HDLdebugger: Streamlining HDL debugging with Large Language Models
Xufeng Yao, Haoyang Li, Tszho Chan, Wenyi Xiao, Mingxuan Yuan, Yu Huang, Lei Chen, Bei Yu
Abstract
In the domain of chip design, hardware description languages (HDLs) play a pivotal role. However, due to the inherent complexity of HDLs and the scarcity of high-quality debugging resources, HDL bug fixing remains a challenging and time-consuming task, even for seasoned engineers. Consequently, there is a pressing need to develop automated HDL code debugging models, which can alleviate the burden on hardware engineers. Despite the strong capabilities of large language models (LLMs) in generating, completing, and debugging software code, their utilization in the specialized field of HDL debugging has been limited and, to date, has not yielded satisfactory results.
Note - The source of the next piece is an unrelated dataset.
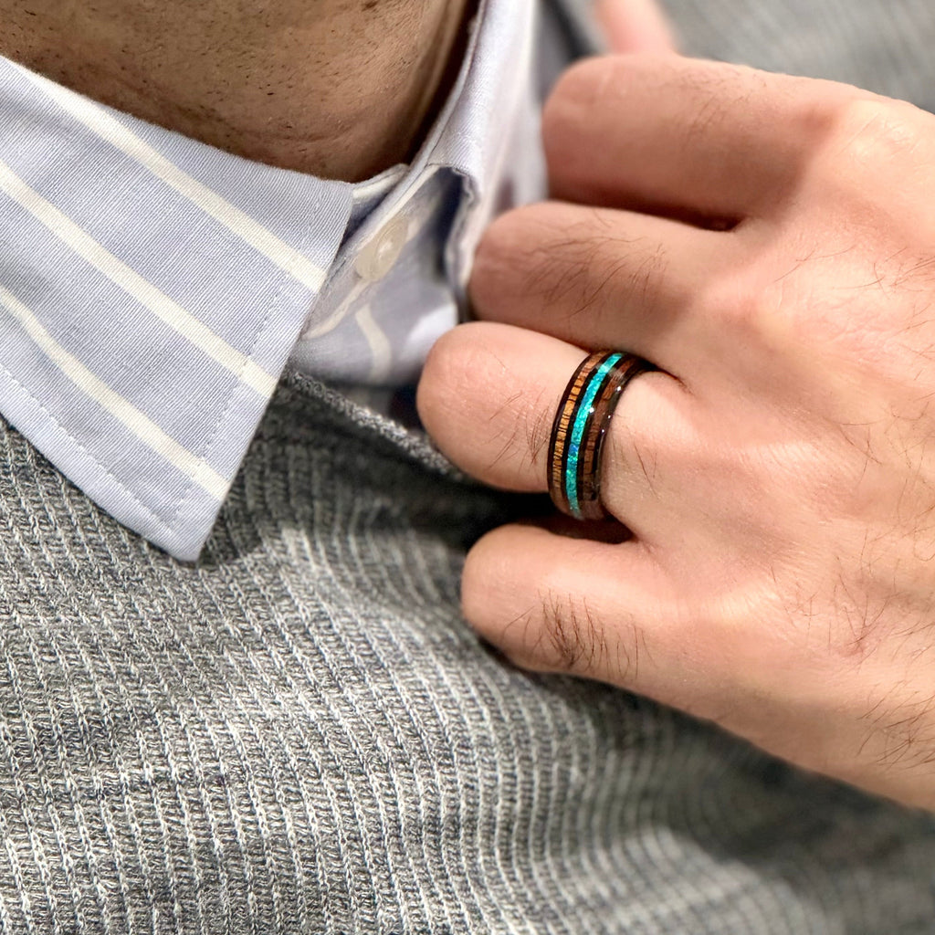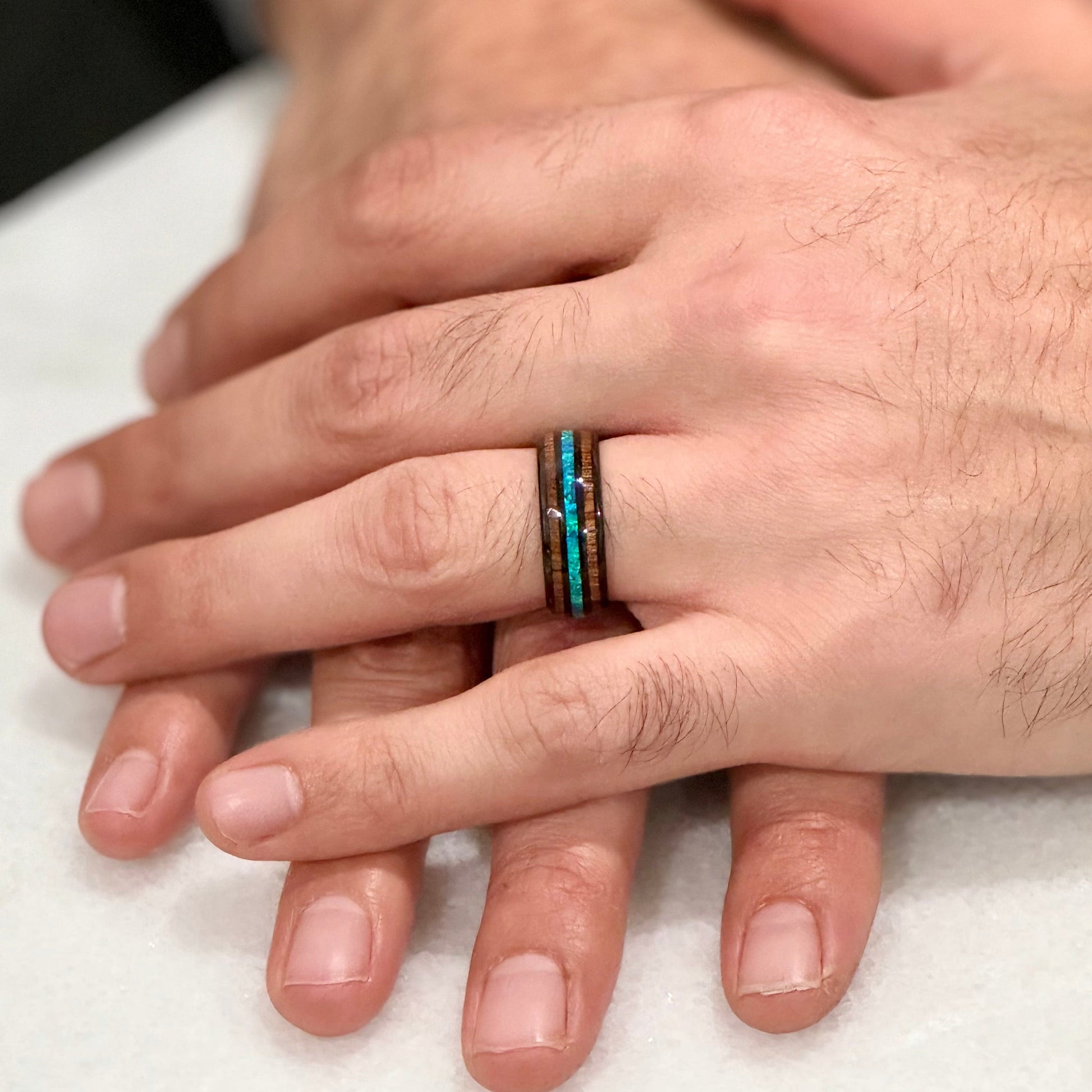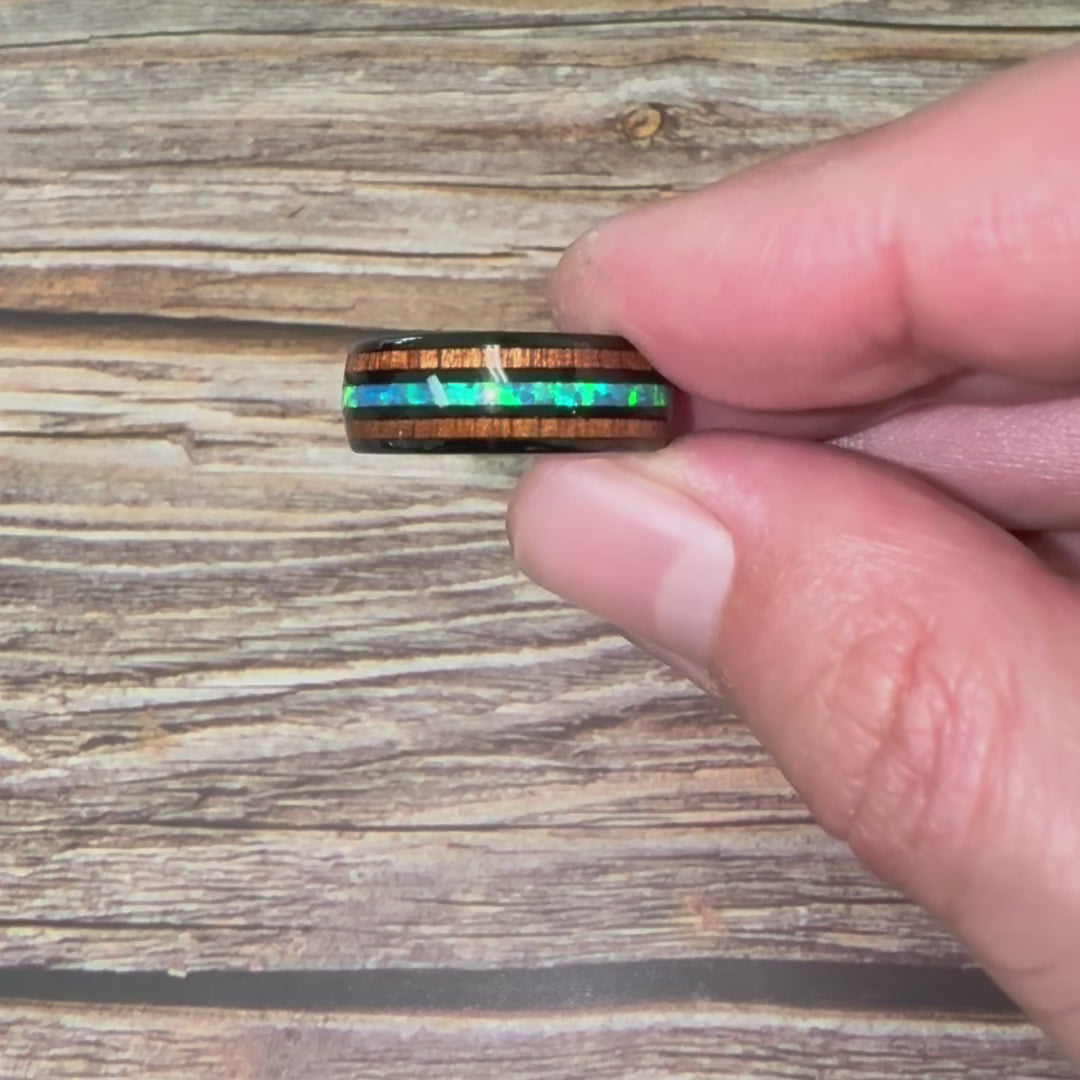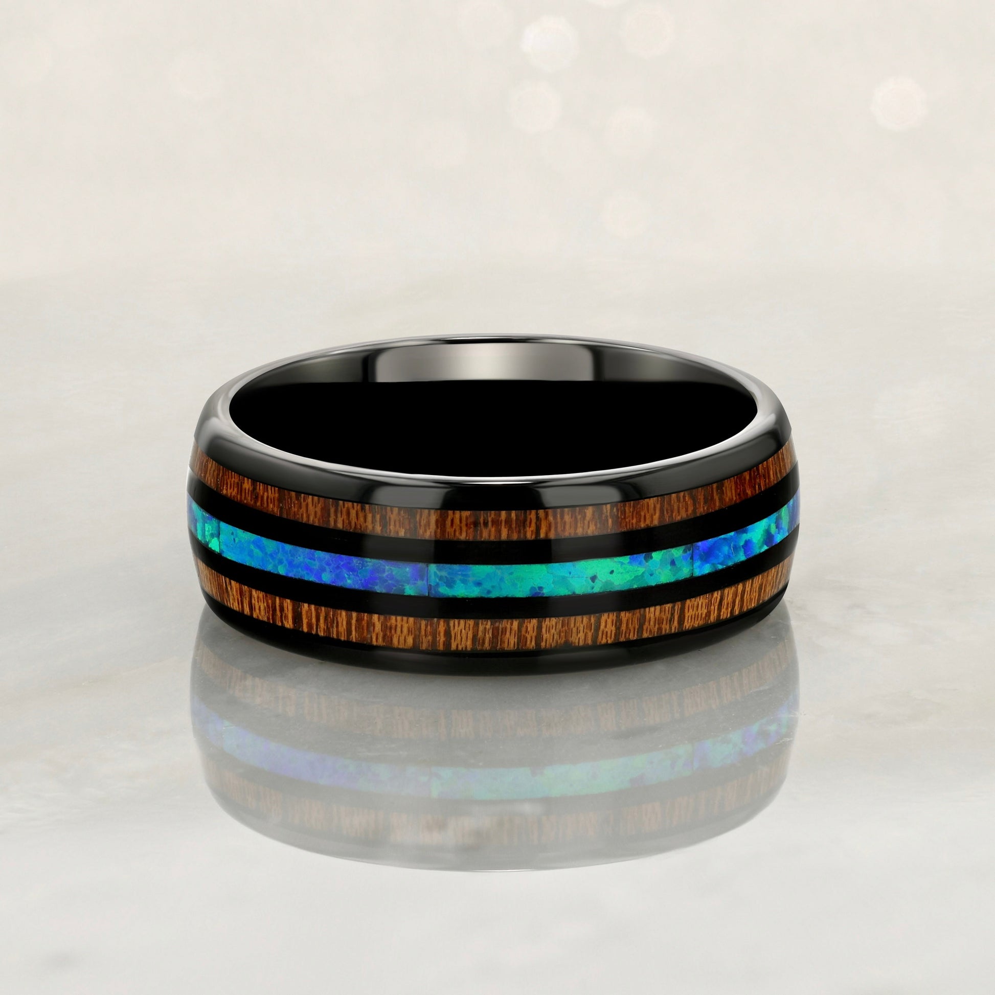 Introducing our Tungsten Carbide Black Ring with Two Koa Wood Inlays and a Blue Opal Middle, featuring a sleek black exterior with two Koa wood inlays and a stunning blue opal middle. The black color is elegantly present both on the inside and outside of the ring, creating a striking contrast. This 8mm-wide ring can be customized to any size, including those not listed above; contact us for personalized orders!
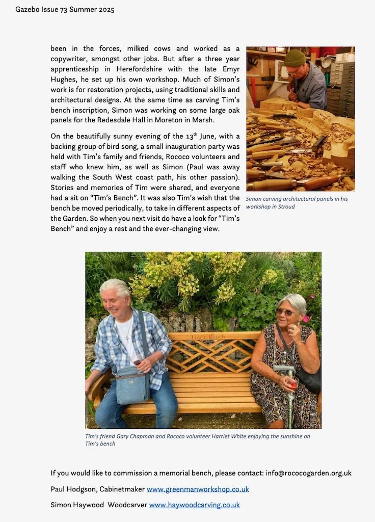 Simon is based in the Slad Valley in the Cotswolds, where he designs and creates, repairs and restores quality decorative ornaments and architectural carvings in a variety of woods. He works on both original designs and bespoke projects based on clients' ideas.

In this paper, we propose an LLM-assisted HDL debugging framework, namely HDLdebugger, which consists of HDL debugging data generation via a reverse engineering approach, a search engine for retrieval-augmented generation, and a retrieval-augmented LLM fine-tuning approach. Through the integration of these components, HDLdebugger can automate and streamline HDL debugging for chip design. Our comprehensive experiments, conducted on an HDL code dataset sourced from Industry, reveal that HDLdebugger outperforms 13 cutting-edge LLM baselines, displaying exceptional effectiveness in HDL code debugging.